The resulting model detected the onset of significant cracking with an accuracy comparable to acoustic emissions sensors. Varying the processing parameters yielded models that could detect evidence of cracking earlier, at the cost of potentially higher false positive rates. The model also performed well on structures imaged in similar testing setups that were not included in the training dataset.

Conclusion

This data processing technique enables crack detection in scenarios where acoustic emissions and other sensors cannot be used. It additionally allows processes already utilizing 3D-DIC to obtain additional information about material performance during testing or operation.

Introduction

Quality assurance and structure health monitoring are essential in high-performance aerospace, healthcare, and energy generation applications. Uncertainty is introduced at various times, from a structure’s start of life during manufacturing through its use in potentially harsh environments. Digital image correlation (DIC) is a non-contact optical technique that can help reduce or eliminate this uncertainty. In three-dimensional DIC [1], two cameras are placed in a stereo vision setup, focused on the same object, and a calibration is performed to determine their relative position. These cameras capture a set of images at a given interval. A full-field profile of the structure is created using the stereo set of images and the calibration. Then, this 3D topological measurement can be compared across the time dimension to measure displacement [2] and strain. Importantly, this method can measure out-of-plane displacement [1] and can achieve micron-level accuracy [1, 3, 4] in well-calibrated cases.

Comprehensive studies such as Roux et al. [5] have shown that 3D-DIC can accurately detect cracks on the micron scale in various materials. Unfortunately, the viability of 3D-DIC can be limited by several factors commonly found in manufacturing, energy-intensive applications, and other applications that could greatly benefit from this crack detection. Visual noise and optical distortions can be introduced to the raw images by flashing lights [6] (such as sparks) and moving gases (such as hot air). 3D-DIC resolution can further be impacted by poor camera mounting or large structure deformations relative to the crack size.

This study aims to further enable this method by utilizing machine learning to facilitate the detection of cracks present in the 3D-DIC data, allowing for the detection of cracks not able to be seen via traditional digital image processing techniques or even by the human eye. This study developed a method utilizing data gathered during an expanding plug test [7]. Previously, structure failure and cracking during an expanding plug test have been detected via 3D-DIC by computing the hoop strain and detecting when the strain exceeds a threshold value [8,9,10]. This study goes a step further and identifies localized cracking throughout the test, allowing for a more precise indication at the exact moment a structure begins to fail and where in the structure this failure originates from.

Materials and Methods

Digital Image Correlation and Expanding Plug Test Setup

Two Grasshopper3 digital cameras (FLIR) were set up in a stereoscopic array approximately 200 mm from the target structure. The structure requires a high-contrast surface optical texture [11] to allow the DIC system to achieve a good correlation. Thus, the face of the structure facing the camera array was spray painted with black and white matte finish spray paint (Rust-Oleum) to achieve a non-uniform speckle pattern. Testing setup specifics can be seen below in Table 1.

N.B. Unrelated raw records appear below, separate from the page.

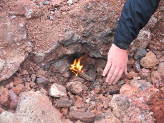 Как вы думаете, что это он делает? Костер палит? Если бы мне не рассказали, то и я бы так думал. Оказывается, это они положил деревяшечку к дырке из земли, а деревяшечка загорелась. Вы еще хотите пожарить яичницу?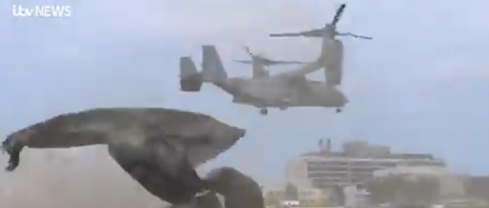 An American CV22 Osprey tiltrotor military craft was captured on film as it attempted to take off from Addenbrooke’s Hospital in Cambridge on Wednesday, with the downward blast of air from its propellers destroying the pad and sending parts flying across the hospital grounds.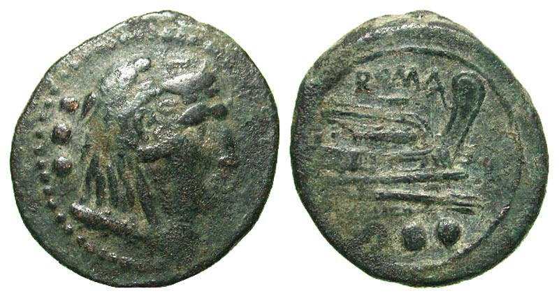 Anonymous. after 211 B.C. Æ quadrans (22.2 mm, 6.01 g, 12 h). Uncertain mint. Head of Hercules right, earing lion's-skin headdress; three pellets behind / ROMA, pro of galley right; three pellets belo. Craford 56/5; Sydenham 143c. VF, green highlights.

Table 1 DIC test setup properties

The expanding plug test was performed using an Admet universal testing machine with a 10kN load cell. It mirrored the expanding plug test found in Roache et al. [9], except a displacement-regulated loading rate of 0.5 mm/min was used. An acoustic emissions (AE) sensor (Mistras 1283 AE Node) was clamped onto the upper arm of the testing machine to provide a secondary validation of crack formation times, as demonstrated in [9]. An illustration of the test setup can be seen in Fig. 1.

Fig. 1

Expanding plug test and instrumentation setup

Calibration targets, along with the software package Vic3D-8 (Correlated Solutions), were used to determine the exact position of the cameras relative to each other and the structure. Each pair of stereoscopic images were divided into many overlapping regions. Due to the non-uniform speckle pattern, each region is distinct, and thus regions can be matched between the image pair even in the presence of structure deformation. By matching up these regions, a transform is computed between the two cameras, which, combined with the calibration information, can determine the exact X, Y, and Z coordinate positions of each of the regions, resulting in a 3D point cloud topography of the structure. By selecting the same regions at each time step, this topography can be compared across time to determine strain and velocity at each point.

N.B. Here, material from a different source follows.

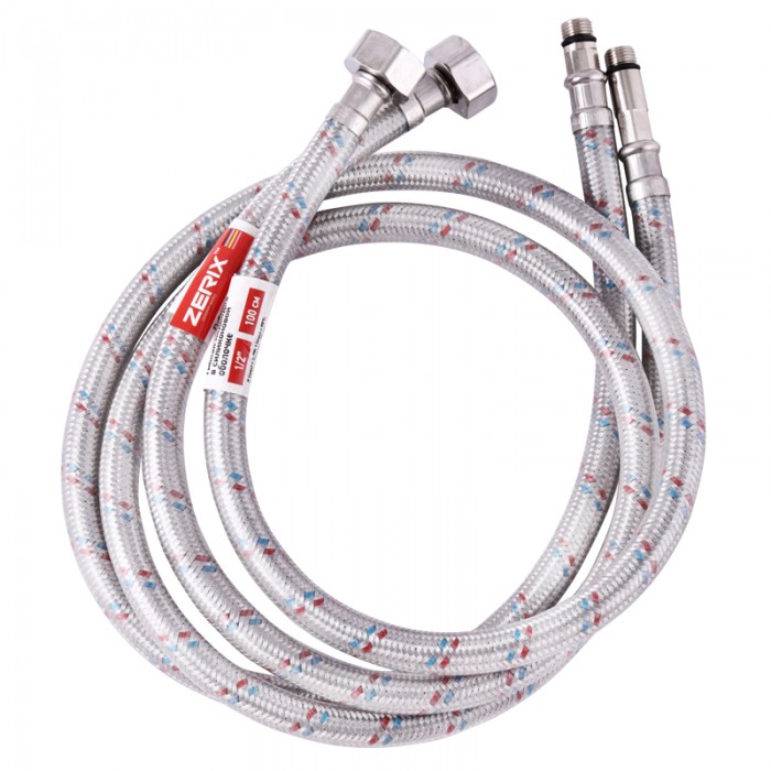 Гибкая подводка (шланги в силиконовой оболочке, гайки нержавейка) M10-100 см ZERIX (ZX3032)...

Data Preprocessing and Model Setup

As the anticipated crack width of ~ 1 μm is less than the size of a pixel, direct observation of cracks forming in the digital images is unlikely. Instead, point velocity was monitored for a large increase in a localized area. This has the advantage of potentially having a spatially larger signal, as the crack opening also causes neighboring points to experience higher-than-normal acceleration. In turn, this can also make it more difficult to pinpoint the location and size of every crack – especially if the DIC acquisition time is too long. The DIC correlation data was used to compute the X displacement and change in X velocity of each point. The X, Y, and change in X velocity for each point were then interpolated into a regular 224 pixel by 224 pixel grid, with the value at each pixel representing the change in X velocity. These 2D images were then able to be used in traditional image-based machine learning processes.

To allow for easier adoption, self-supervised learning [12, 13] was used for model training. This allows for the use of datasets with little to no human labels. This is especially important as identifying cracks quickly in the field can be non-trivial and require previously failed structures to create labeled data from. Instead, the training dataset for the model is generated through the systematic creation of simplified simulated cracks on a subset of initial images.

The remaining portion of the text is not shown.